Entries supplied »
--- START ---
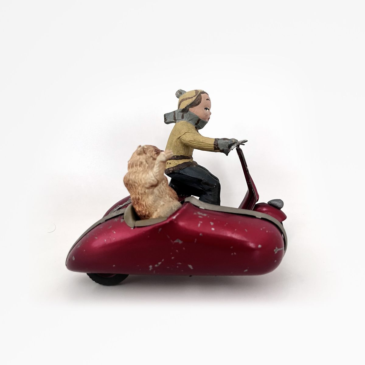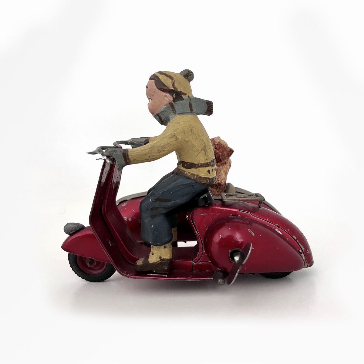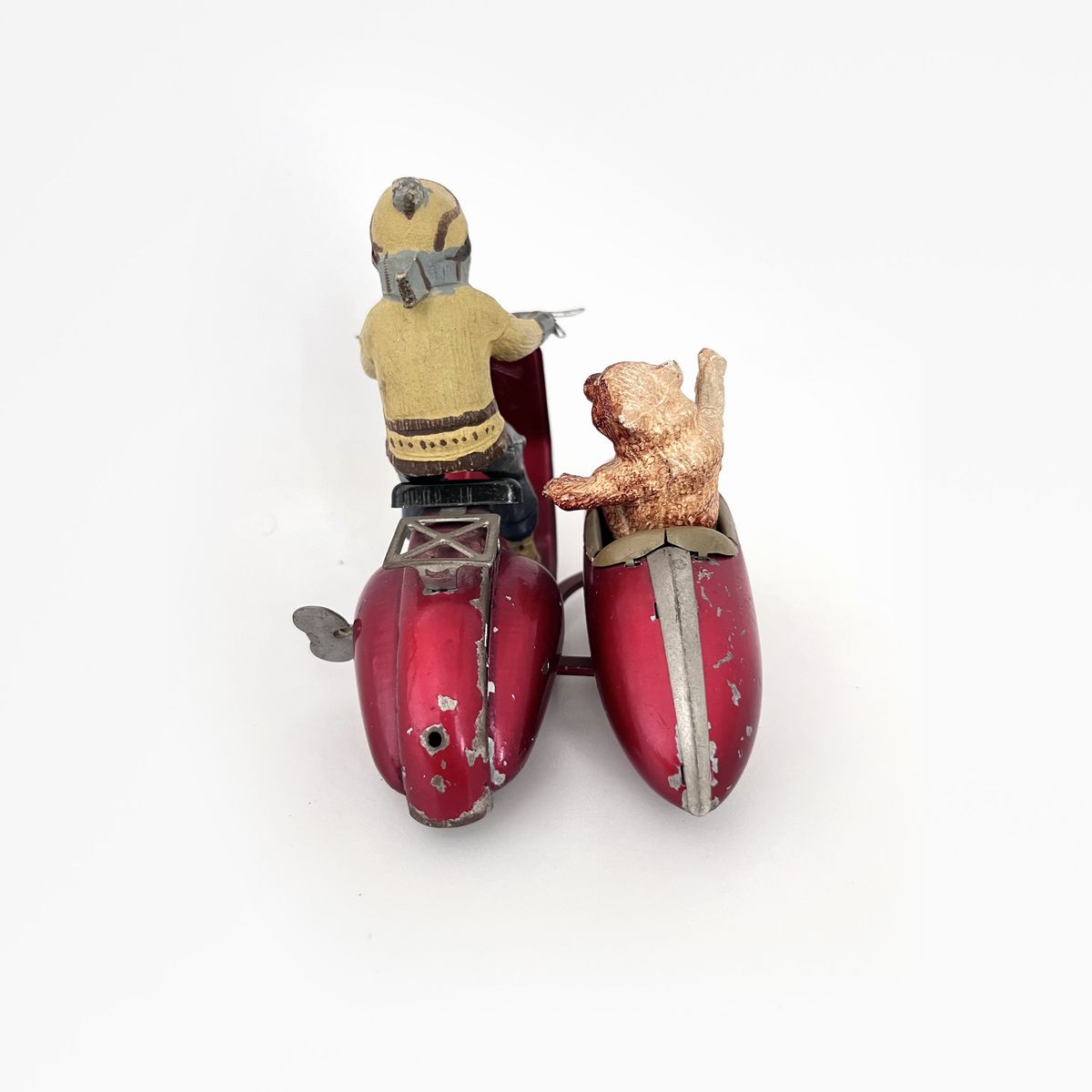 Rara vespa con sidecar in latta, pilota e orso passeggero, funzionamento a molla
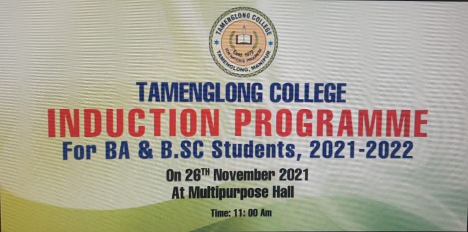 As the second wave of Covid-19 Pandemic subsides, and the admission process for the new academic session 2021-22 came to an end, an Induction Programme for BA/B.Sc 1st Semester was held at the Multi-Purpose Hall of Tamenglong College on 26 November 2021.
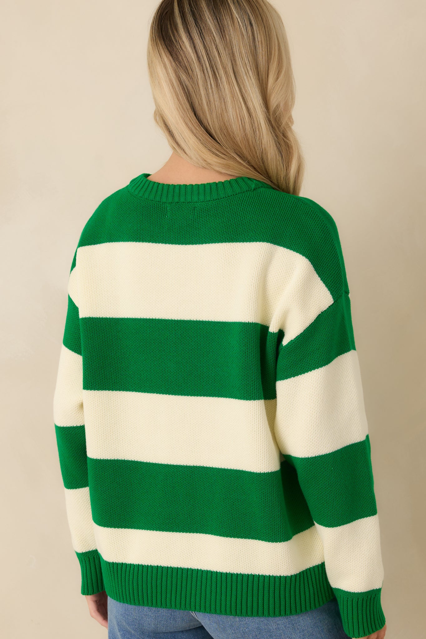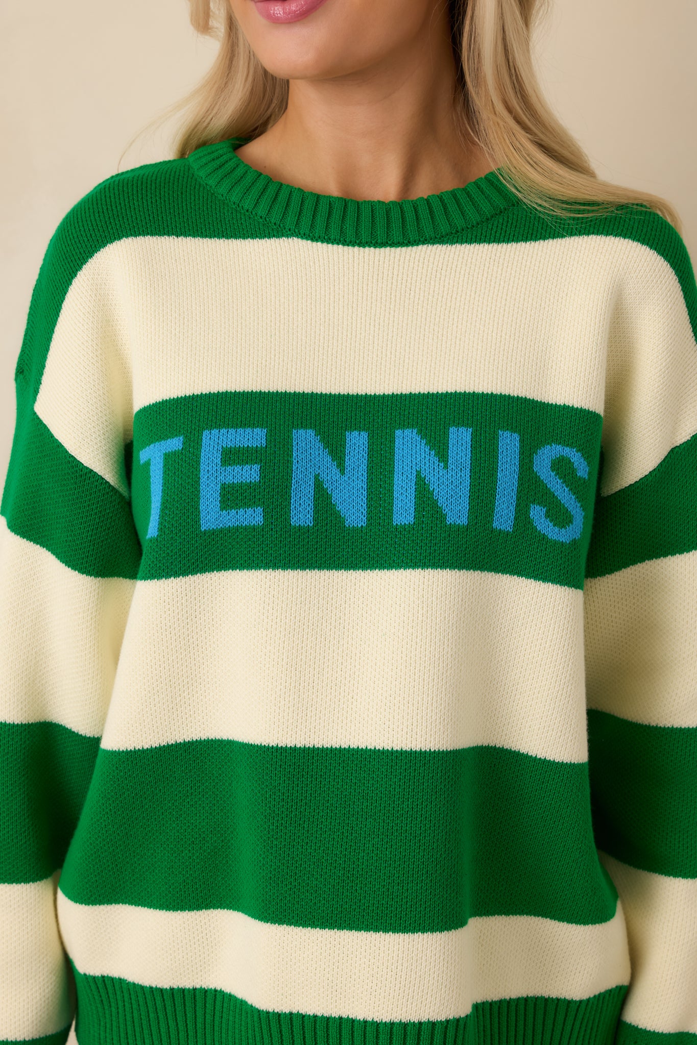 The Courtside Classic Kelly Green Stripe Cotton Knit Tennis Sweater brings a playful nod to classic country club style with a fresh. everyday feel. The bold green and cream stripes paired with the “TENNIS” lettering give it that sporty. preppy charm that's easy to style but still stands out. It's the kind of knit you throw on with denim for a casual day or dress up with tailored bottoms when you want your look to feel polished. fun. and effortlessly cool. This bold green and ivory stripe knit sweater features contrast “TENNIS” lettering across the front. Designed with a ribbed crew neckline. cuffs. and hem. it offers a relaxed fit with comfortable stretch throughout. Finished in a midweight knit fabric that's easy to layer and wear season to season.
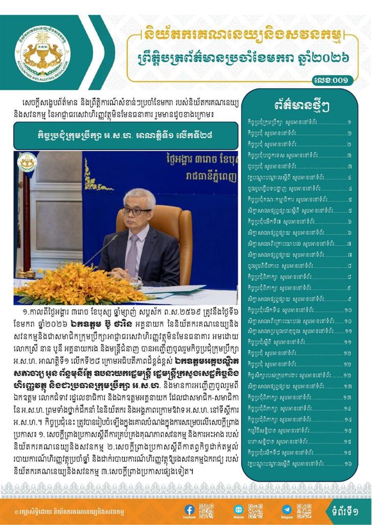 ព្រឹត្តិបត្រព័ត៌មានប្រចាំខែមករា ឆ្នាំ២០២៦ លេខ ០០១ របស់និយ័តករគណនេយ្យនិងសវនកម្ម
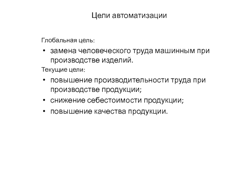 «В основе понятия автоматизации производственных процессов лежит замена физического и умственного труда человека машинным трудом»
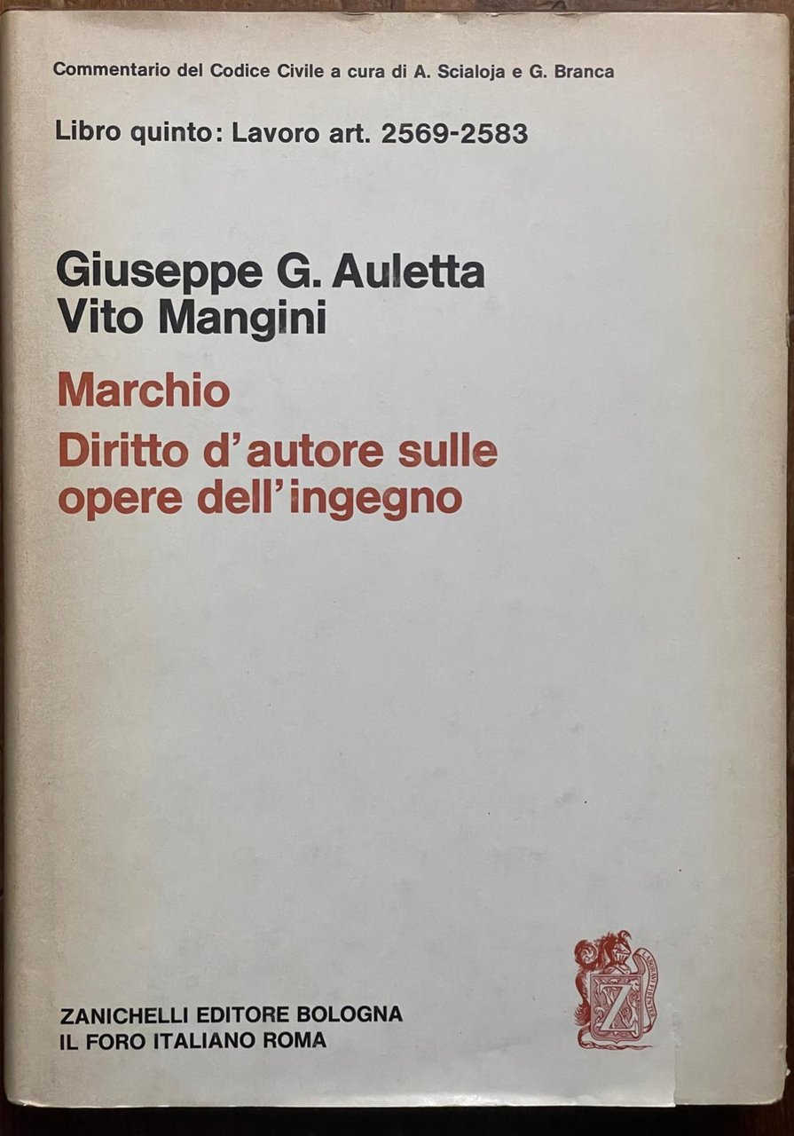 Libro quinto: Lavoro art. 2569-2583 MARCHIO - DIRITTO D'AUTORE SULLE OPERE DELL'INGEGNO
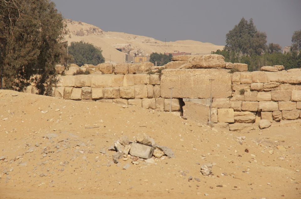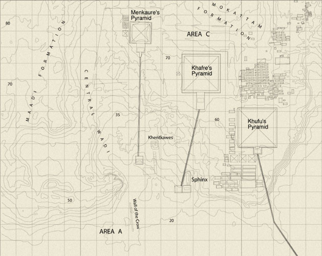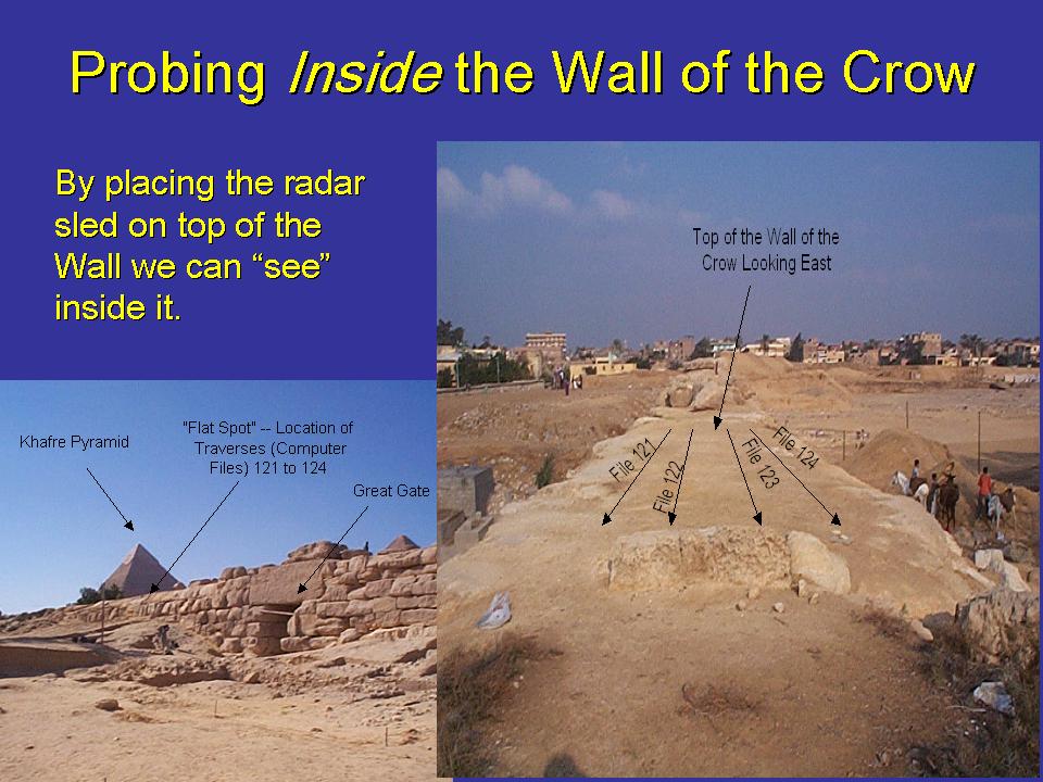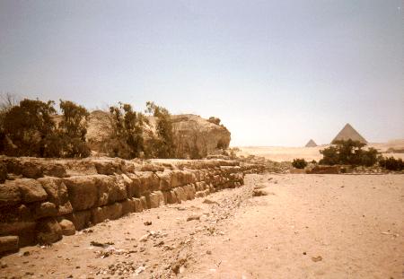 EThere is a massive, ancient stone wall that stands a few hundreds yards south of the Sphinx. But because it lay partially buried and overshadowed by the larger, more famous Great Pyramid, Sphinx, and other pyramids, tourists have hardly noticed it.Known locally as the Wall of the Crow (Heit el-Ghurab) it is 200 meters (656 feet) longten meters (32.8 feet) high and ten meters thick at the base. The Wall is the northwest border of a tract of low desert that we designated Area A
--- END ---
Your assignment » The reply should contain every line of the material exactly, and no images.

Exercise result »
 Rara vespa con sidecar in latta, pilota e orso passeggero, funzionamento a molla
 As the second wave of Covid-19 Pandemic subsides, and the admission process for the new academic session 2021-22 came to an end, an Induction Programme for BA/B.Sc 1st Semester was held at the Multi-Purpose Hall of Tamenglong College on 26 November 2021.
 The Courtside Classic Kelly Green Stripe Cotton Knit Tennis Sweater brings a playful nod to classic country club style with a fresh. everyday feel. The bold green and cream stripes paired with the “TENNIS” lettering give it that sporty. preppy charm that's easy to style but still stands out. It's the kind of knit you throw on with denim for a casual day or dress up with tailored bottoms when you want your look to feel polished. fun. and effortlessly cool. This bold green and ivory stripe knit sweater features contrast “TENNIS” lettering across the front. Designed with a ribbed crew neckline. cuffs. and hem. it offers a relaxed fit with comfortable stretch throughout. Finished in a midweight knit fabric that's easy to layer and wear season to season.
 ព្រឹត្តិបត្រព័ត៌មានប្រចាំខែមករា ឆ្នាំ២០២៦ លេខ ០០១ របស់និយ័តករគណនេយ្យនិងសវនកម្ម
 «В основе понятия автоматизации производственных процессов лежит замена физического и умственного труда человека машинным трудом»
 Libro quinto: Lavoro art. 2569-2583 MARCHIO - DIRITTO D'AUTORE SULLE OPERE DELL'INGEGNO
 EThere is a massive, ancient stone wall that stands a few hundreds yards south of the Sphinx. But because it lay partially buried and overshadowed by the larger, more famous Great Pyramid, Sphinx, and other pyramids, tourists have hardly noticed it.Known locally as the Wall of the Crow (Heit el-Ghurab) it is 200 meters (656 feet) longten meters (32.8 feet) high and ten meters thick at the base. The Wall is the northwest border of a tract of low desert that we designated Area A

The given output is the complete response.